Database Selection & Design (Part III)
— Internals of ACID implementation —
In the previous part, we saw about different types of databases and their properties. In this section, let us look at what a transaction is, how it is written to the memory, logged, and stored in disk.
What is a Transaction? People often confuse individual database statements to transactions. A transaction is a set of database statements/operations that is deemed as a logical unit of work for any function, also defined as individual indivisible operations.
Moving parts of a Hard Disk: This is an electro-mechanical data storage device that can store data in a stable (non-volatile) storage. This means that the data storage will be permanent and will not be lost even when the power is off. The disk is integrated with a spindle and the head stack assembly. The spindle helps with the disk rotation and the head movement helps with the track movement.
Data storage in disk: Let’s also take a look how the data is stored in the disk in the form of sectors and tracks.
In the diagram above, the triangular part is a sector and the circular part is track. The convergence area of these two is called as a block.
What is a Block? A block is the smallest unit of data that an operating system can either write to a file or read from a file. Offset comes into place when you want to read a particular byte.
Byte = Block Address (Sector # and Track #) + Offset
In a hard disk, by spindle movement, the sectors are changed & by head post movement, your tracks are changed.
The data you will be storing on to your database will be stored in one or more blocks based on the size of your tuple (row) and your disk block. When you have multiple rows in your table, there might be multiple blocks used to store your information based on your block size and row size. For example: You have an order service table defined as below:
This means, each row in your table is going to take 128b. Now, if you have a block size of 512b, each block can store 512/128 = 4 rows. Assume you have 100 rows in your table, you need 100/4 = 25 blocks to store your entire table.
Is block the only unit of work that is maintained across DBMS and data structure? What are the other units we have and why?
Page: Pages are used by some operating systems instead of blocks. A page is basically a virtual block, and they have fixed sizes. Pages are typically 512 to 8192 bytes, with 4096 being a typical value. They are stored in the main memory. Pages are used instead of blocks because they make processing easier when there are many storage devices, because each device may support a different block size. With pages the operating system can deal with just a fixed size page, rather than try to figure out how to deal with blocks that are all different sizes. Pages act as sort of a middleman between operating systems and hardware drivers, which translate the pages to the appropriate blocks. Both pages and blocks are used as a unit of data storage.

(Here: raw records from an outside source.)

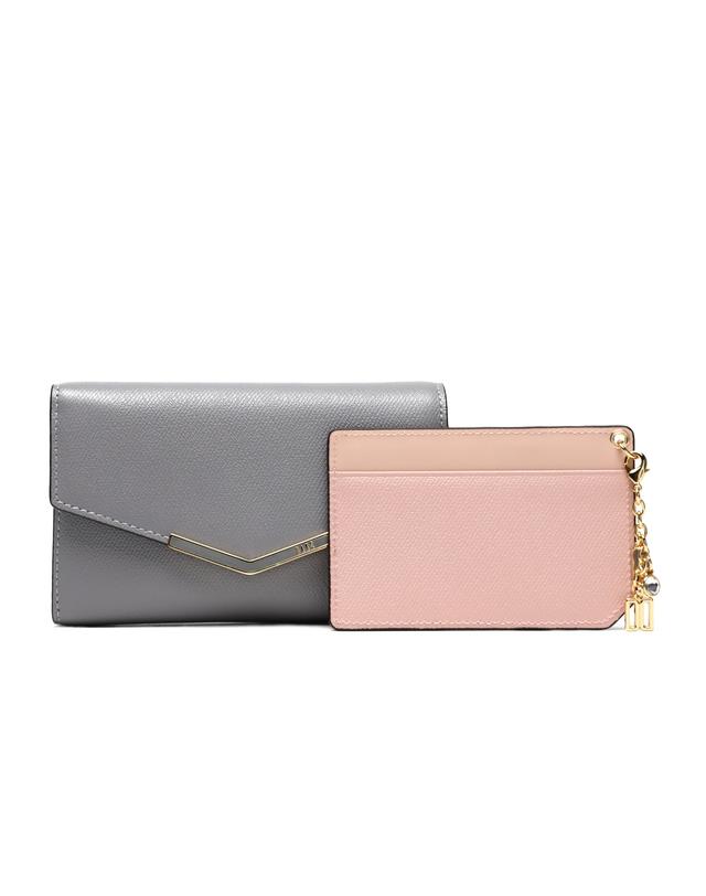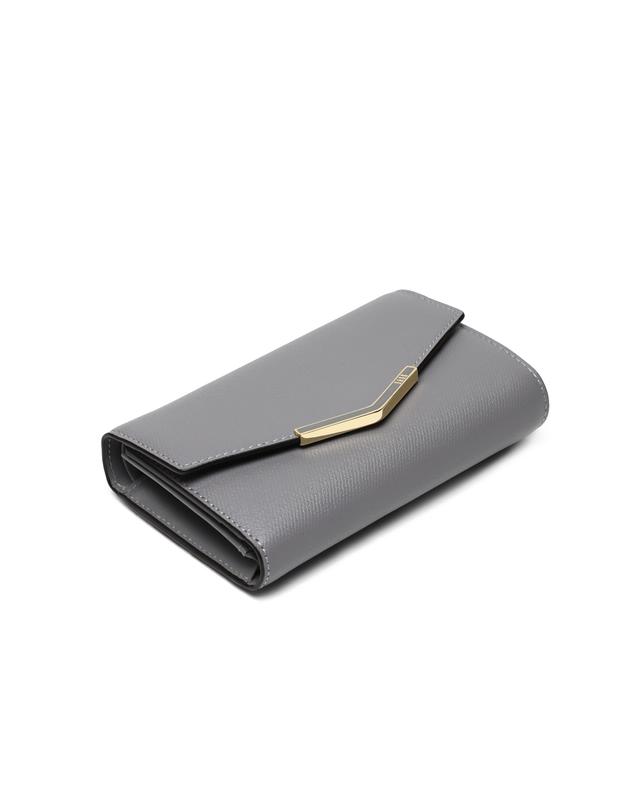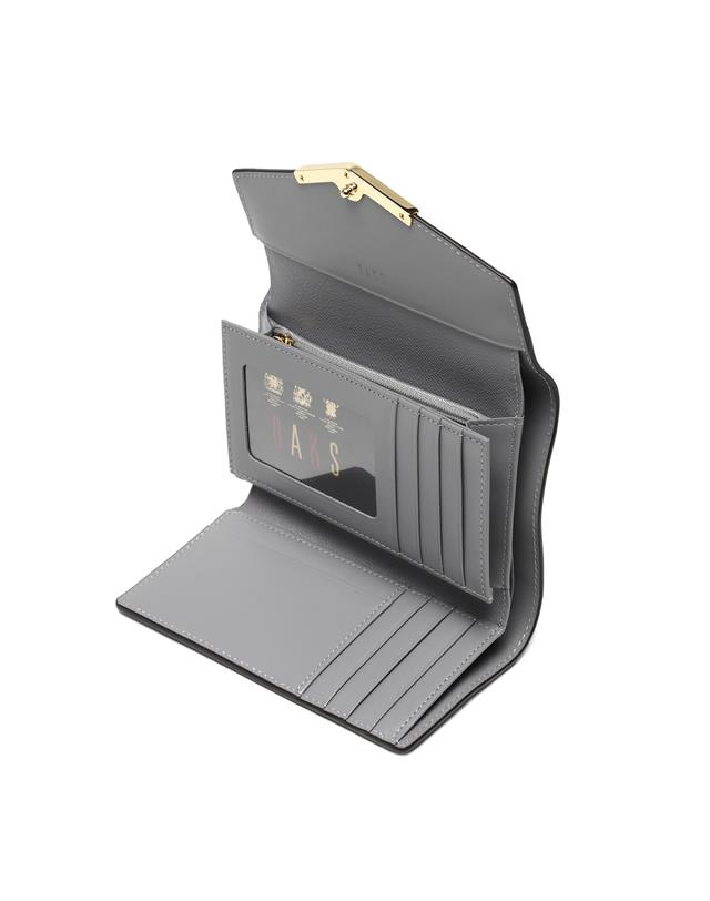 베이직한 디자인에 중앙부 골드 V바 로고 장식과 참장식으로 포인트를 주었고 내부에 카드홀더가 있어 편리한 수납이 가능한 중지갑입니다.
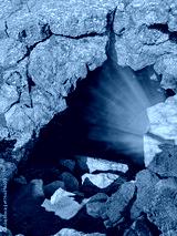 Grjótagja volcanic cave, with its blue, hot thermal water located near Lake Mývatn, Iceland
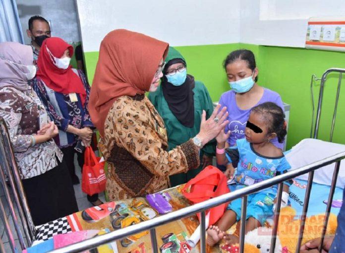 Kabupaten Sukoharjo – Bupati Sukoharjo, Etik Suryani terlihat jalan buru buru setelah dari acara di Kecamatan Gatak. Ada sesuatu yang urgent sehingga dirinya harus menuju ke RSUD Ir. Soekarno. Sesampainya di RSUD Ir. Soekarno, Etik Suryani bergegas menuju bangsal perawatan anak, Kamis (16/2/2023).
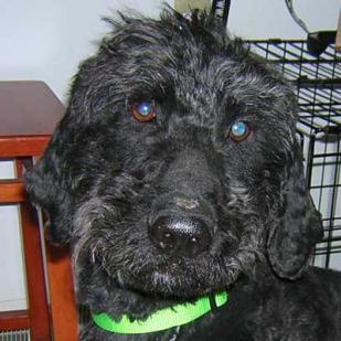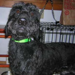 Buddy arrived early Saturday evening after a long day of transport. He is a two-year-old neutered black Golden Doodle. He is so skinny. He came from a neglect situation so he was shaved short to get rid of mats. He met my dogs easily. After surveying the yard he went to the back door as if he's lived here his entire life. He quickly met the cat...no issues there. He checked out the main floor of the house and found the toy box. Because we were told he was an outside dog, I have had him tethered to me unless he's been crated. He has shown no desire to potty in the house and he is beginning to earn more freedom. Last night he slept in a crate and after a couple initial yelps of revolt, he settled right down and slept all night.
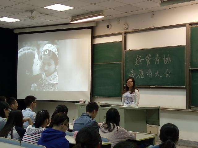 当日下午5点,会长团,部长团以及全体干事全部到场,完成相关会前准备工作。大会于6点正式开始,主持人发言,简要介绍了此次大会的情况并一一介绍到场的特邀嘉宾。随后会长王晓郡致辞,表达了对到场人员的感谢以及对志愿服务事业美好的展望。在主持人介绍志愿者的认定奖励办法后,2名2014届优秀志愿者一次发言,现场志愿者认真倾听。大会最后阶段是各项目组负责人介绍相应志愿服务项目,包括宁馨阳光家园活动,关爱患病儿童活动,鼓楼图书馆活动,南京南地铁站活动,秣陵敬老院活动和秦淮二小支教活动。现场志愿者积极响应,纷纷举手提问,负责人一一解答。最后由志愿者选择心仪的志愿服务项目报名参与。最后主持人宣布大会结束,嘉宾和志愿者有序离场。
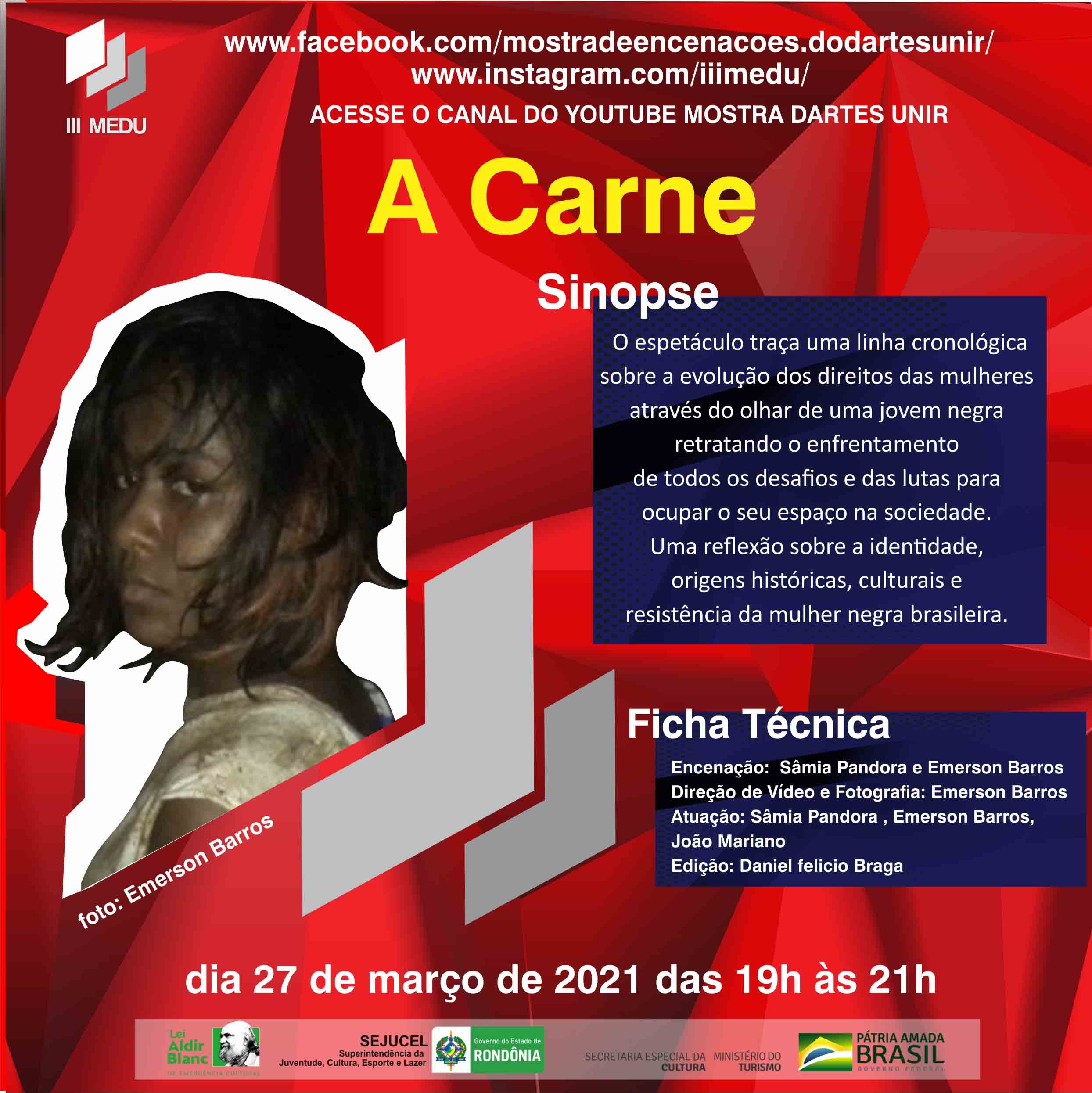 No dia 27 de março é comemorado o Dia Mundial do Teatro e para celebrar essa data tão especial, a 3ª Mostra de Encenações do DArtes/UNIR (IIIMEDU) apresenta uma programação com quatro obras audiovisuais produzidas pelos acadêmicos do Curso de Licenciatura em Teatro da Universidade Federal de Rondônia (UNIR). Neste sábado é dia de ver “Caipora”, “Avesso”, “A Carne” e “Eldorado”, a partir das 19h (horário de Rondônia), no link: https://youtu.be/mAZECPVcUxA.
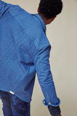 Classic workshirt details inspired by old Big Mac workshirts, in a slightly oversized fit so it can be layered and worn like a jacket. Rivershell flying saucer buttons provide a natural twist on a classic detail. Kala Cotton gussets at the side seam with hand embroidery. Brandon is 6'2" and wearing the sz 3.
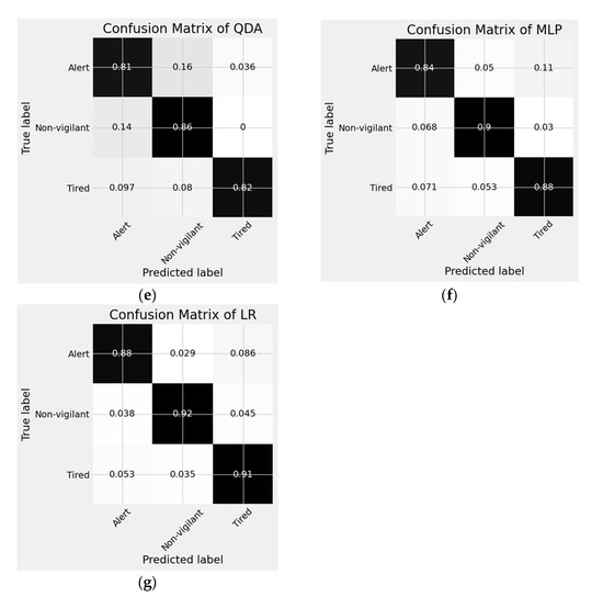 Moreover, the classification task is carried out using machine learning and deep learning approaches. The selection of classification method is carried out among the proposed methods including SVM, RF, DT, KNN, QDA, MLP, LR, CNN, and C-CNN. The optimal classification method is one which achieves a high performance prior to accuracy of detection. The proposed classification methods are carried out on the EEG signals in the time domain and the frequency domain. The performance of the proposed methods are evaluated prior to precision, recall, f1-score, and accuracy. The dataset is split into 70% and 30% for training and testing, respectively. In addition, these methods are trained and validated using k-fold cross validation, with k = 10. Furthermore, the classification task is performed in two scenarios of detection, binary-class and multi-class. The objective of the binary-class classification is to distinguish between states of alertness and tiredness. On the other hand, the objective of the multi-class classification is to classify among alert, tired, and non-vigilant states. The learning curves of the proposed machine learning methods are shown in Figure 9 and Figure 10, while the visual representation of the confusion matrices are shown in Figure 11 and Figure 12. In addition, the learning curves of the deep learning are displayed in Figure 13 and Figure 14. A visual representation of the confusion matrix of the proposed deep learning methods are shown in Figure 15 and Figure 16. Table 7 illustrates the simulation results of the proposed classification methods which are carried out on the transformed EEG signals using FFT with DWT. In a multiclass scenario, the proposed LR and RF models outperform the others with 90% and 89% accuracy, respectively, while SVM, RF and LR have 96% accuracy, for the binary-class scenario. Therefore, the proposed system consists of FFT with DWT for feature extraction and a LR classifier for the wide deployment for both binary-class and multiclass scenarios.
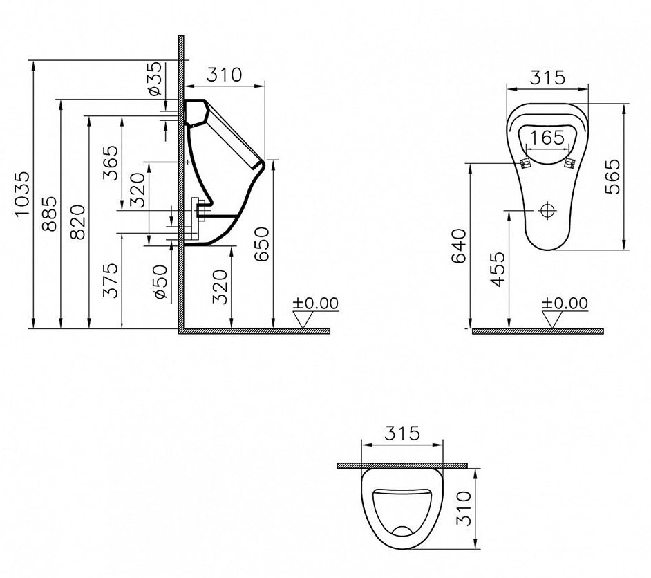 6201B003-0199 Arkitekt писсуар, подвод воды сзади VitrA
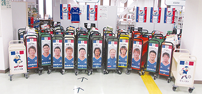 ブックトラックには選手やマリノスケの顔がラッピングされており、本を乗せながら館内を動いている=写真=。

Where are these pages stored, how do they interact with the disk blocks, who handles the creation and management of these pages?
Buffer pool: A buffer pool is an area of main memory that has been allocated by the database manager for the purpose of caching table and index data as it is read from disk. It is an intermediate layer between the basic file system and the tuple-oriented file system. Its task is to make the pages addressable in main memory and to coordinate the writing of pages to disk.
“What happens when the buffer pool is full?, How does the data from buffer pool gets moved to disk and what are the policies that govern them?”
Buffer Manager Policies: Stealing & Forcing policies determine what we can assume about the relative consistency of the log and the database with respect to transaction status.
Stealing: When a transaction wants to perform an operation, but the memory pool is full, it needs to clear its memory by kicking some transactions out of memory pool. This can be dangerous because the transaction being kicked out might not been fully committed, thereby moving dirty pages to disk.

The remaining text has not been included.